[Excerpted data Boundary: Start]

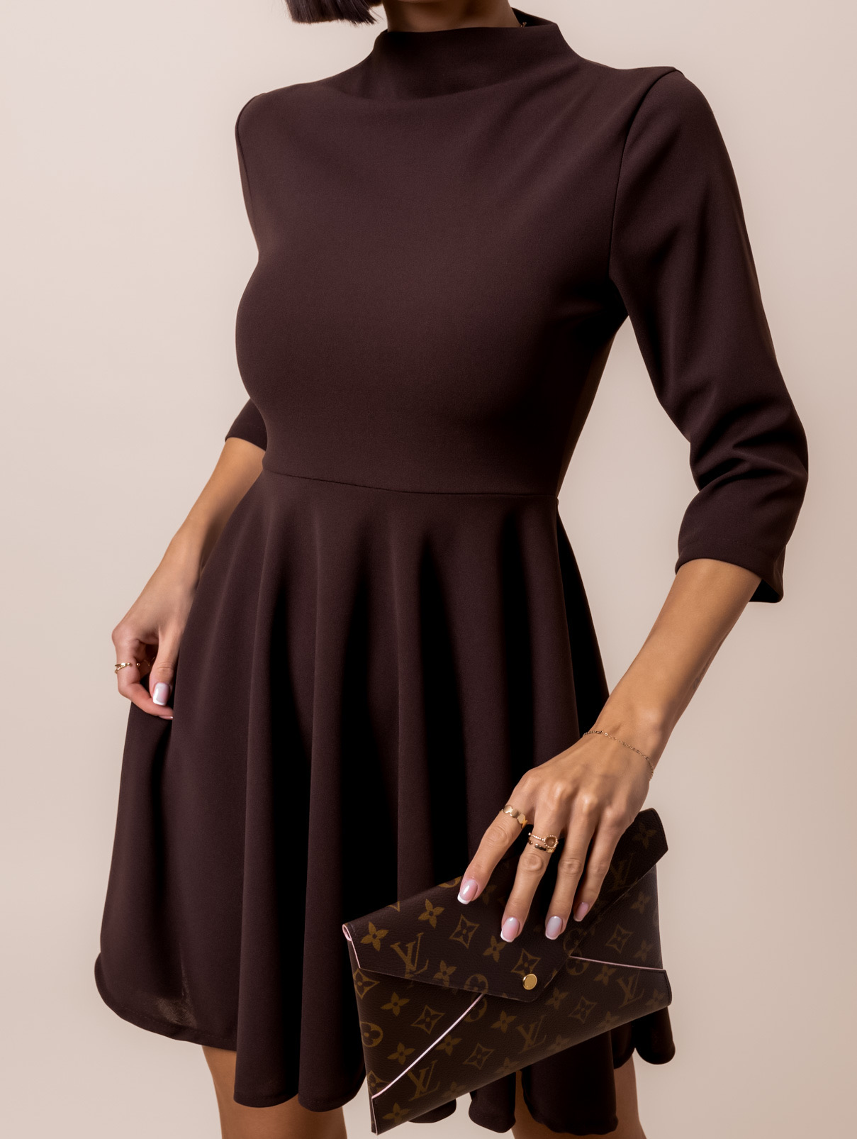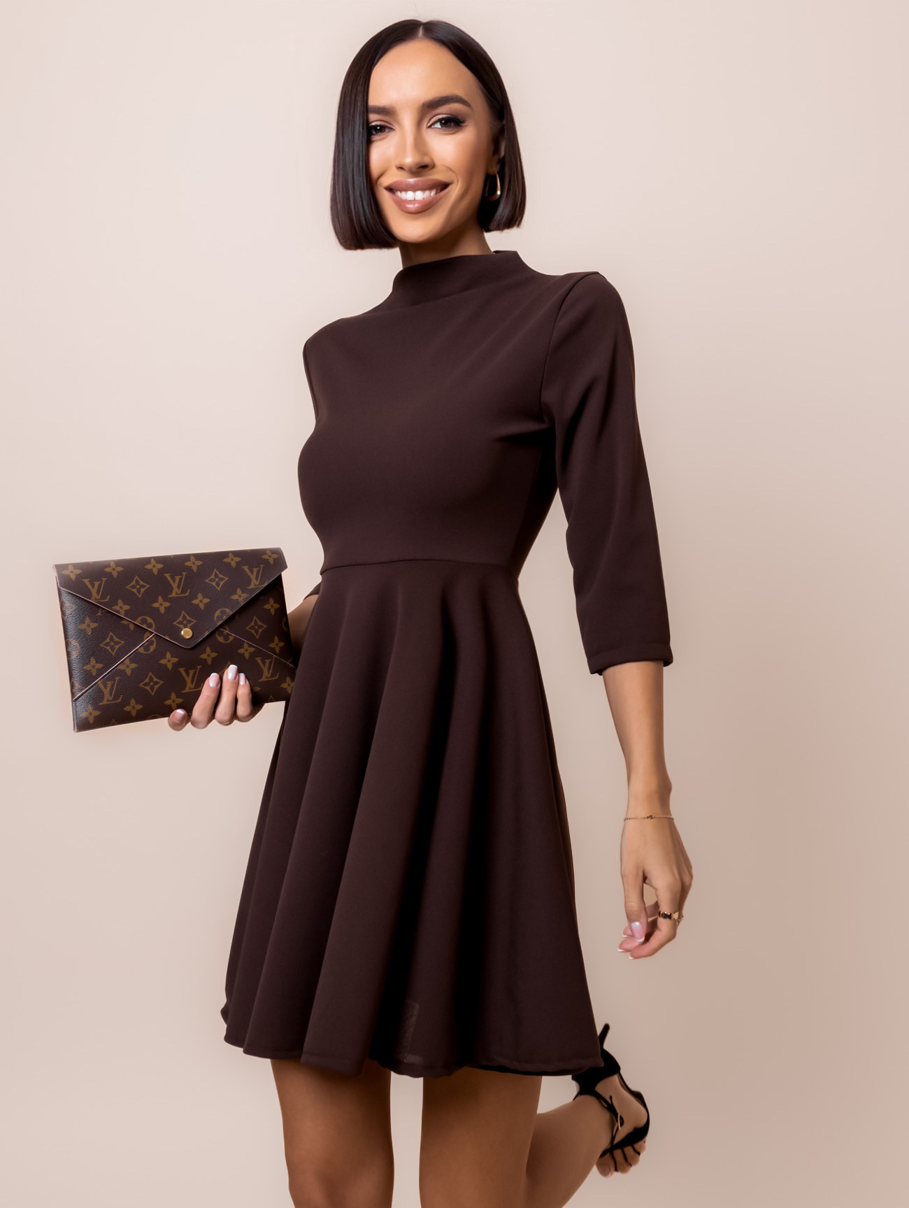 Tmavě hnědé elegantní šaty GROUND s dlouhým rukávem Velikost: ONESIZE
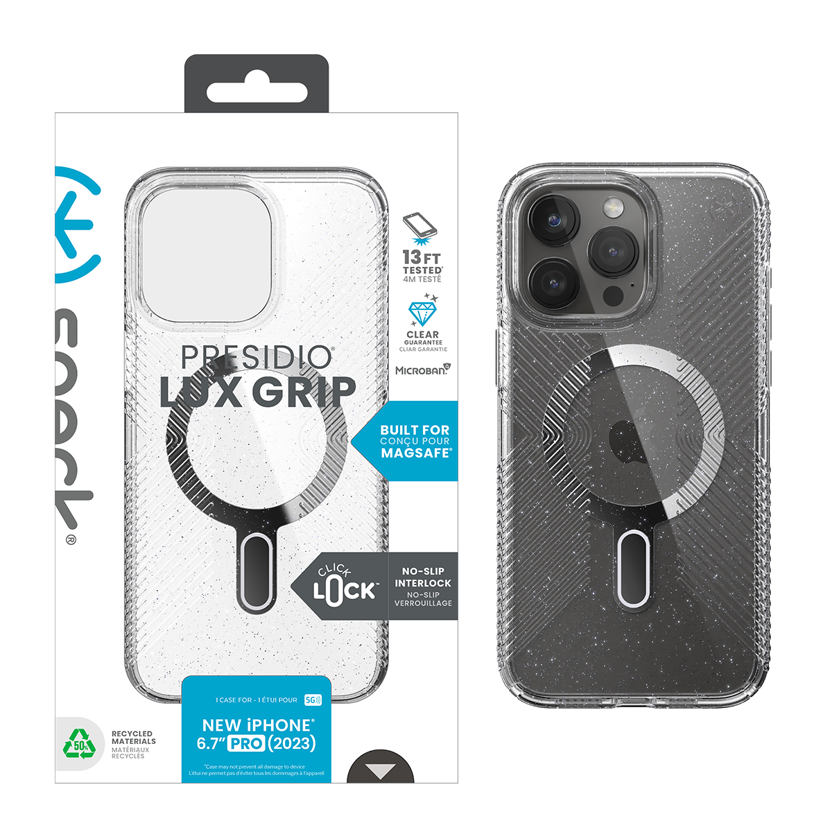 Here to revolutionize the case world - Speck introduces the ClickLock case built into the already popular Presidio case series design. Built to work flawlessly with MagSafe to enhance every users experience and make their phone even more functional.
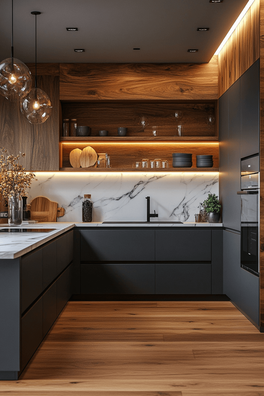 Wood accents bring warmth and balance into this modern layout. A dark grey kitchen paired with ash wood feels both fresh and inviting. Open shelving breaks up the deeper tones beautifully. Light counters keep the design bright. The blend feels effortless and cozy.
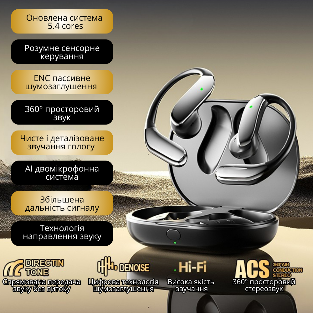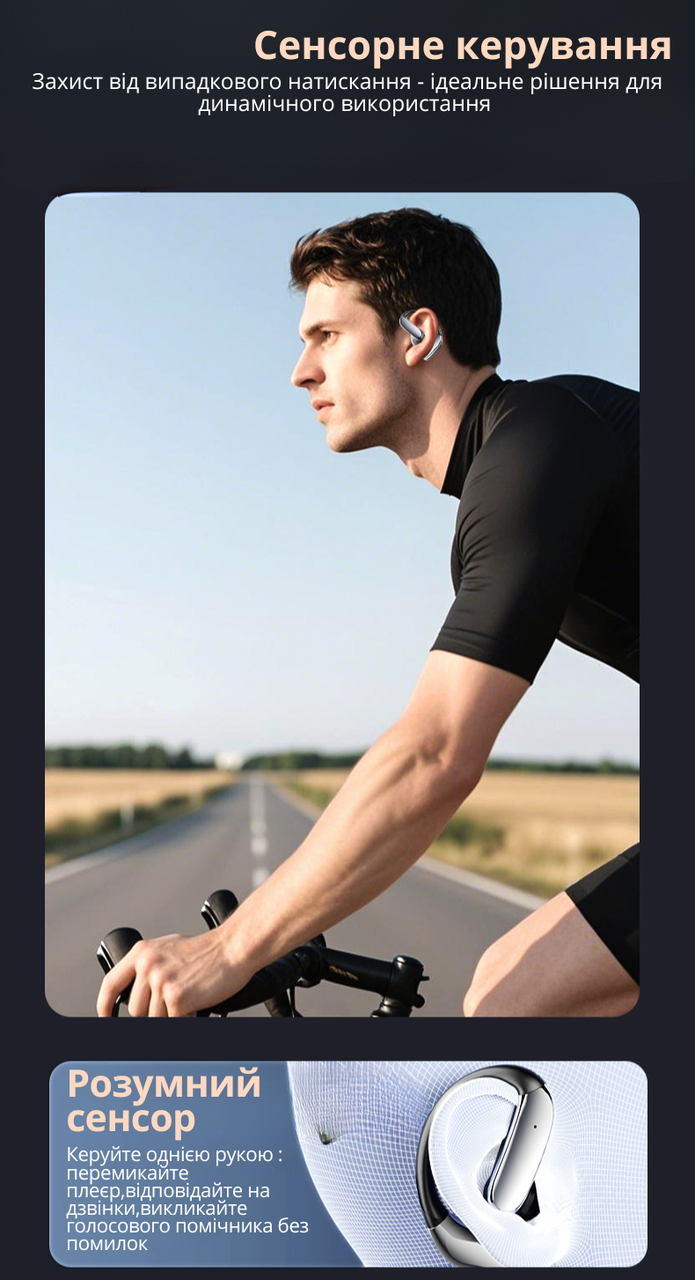 Сенсорне управління з функцією інтелектуального відбитка дозволяє легко перемикати треки, регулювати гучність і відповідати на дзвінки. Ергономічна конструкція щільно фіксується на вухах і виключає випадання навіть при активному використанні.
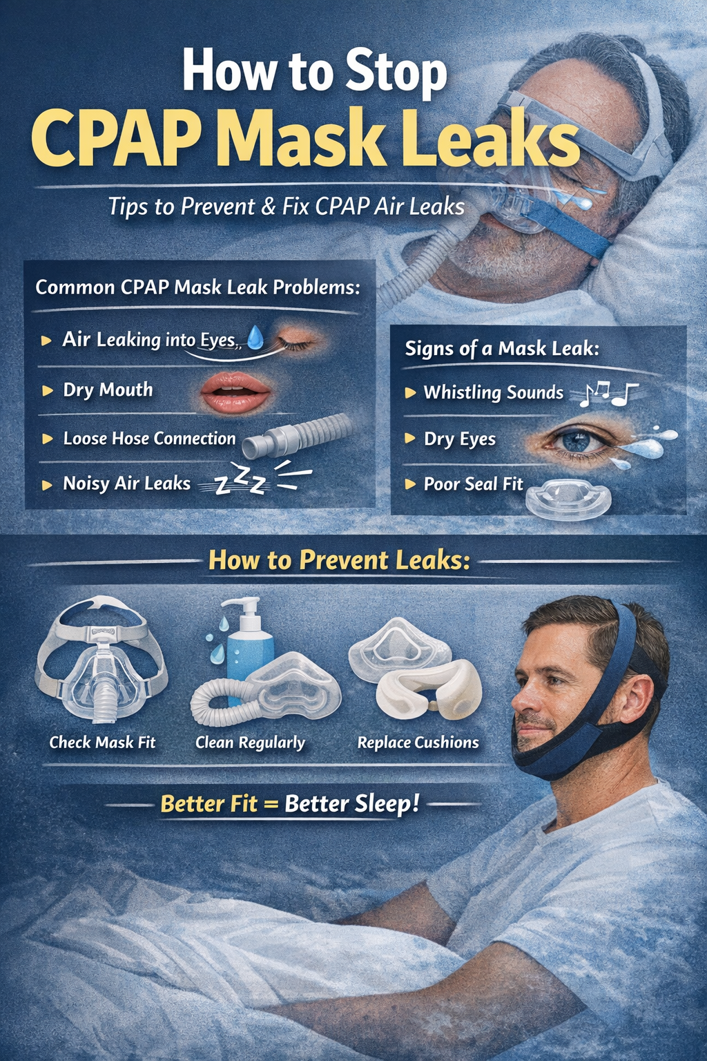 CPAP mask leaks are common, but they are usually easy to fix. By choosing the right mask, keeping it clean, replacing worn parts, and making small adjustments, you can reduce leaks and make your CPAP therapy more comfortable and effective.
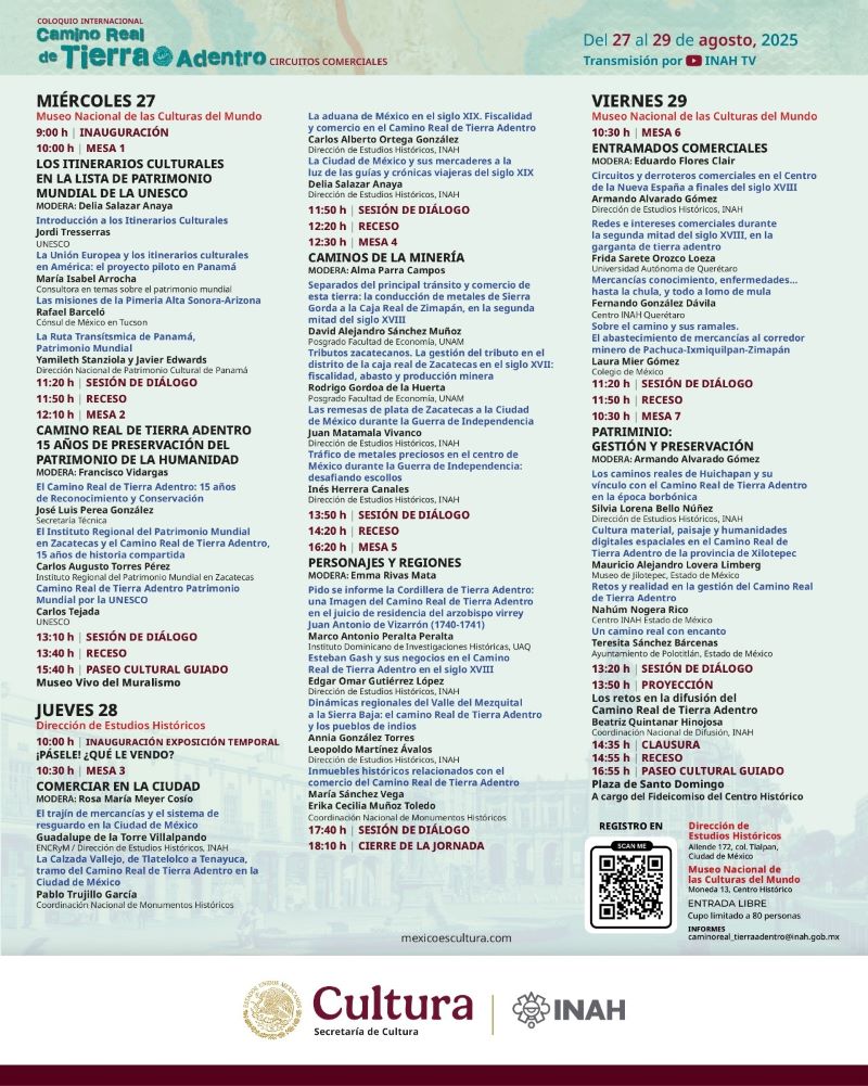 Posteriormente, a las 12:10 horas, se dictará la conferencia Camino Real de Tierra Adentro, 15 años de preservación del patrimonio de la humanidad, que abrirá con la participación del secretario técnico del INAH, José Luis Perea González.

[Excerpted data Boundary: End]

- [Work order]: The lines to copy run from the line containing "CPAP mask leaks" through the end of the data above; copy exactly those, minus the pictures.

- [Result of this task]:
 CPAP mask leaks are common, but they are usually easy to fix. By choosing the right mask, keeping it clean, replacing worn parts, and making small adjustments, you can reduce leaks and make your CPAP therapy more comfortable and effective.
 Posteriormente, a las 12:10 horas, se dictará la conferencia Camino Real de Tierra Adentro, 15 años de preservación del patrimonio de la humanidad, que abrirá con la participación del secretario técnico del INAH, José Luis Perea González.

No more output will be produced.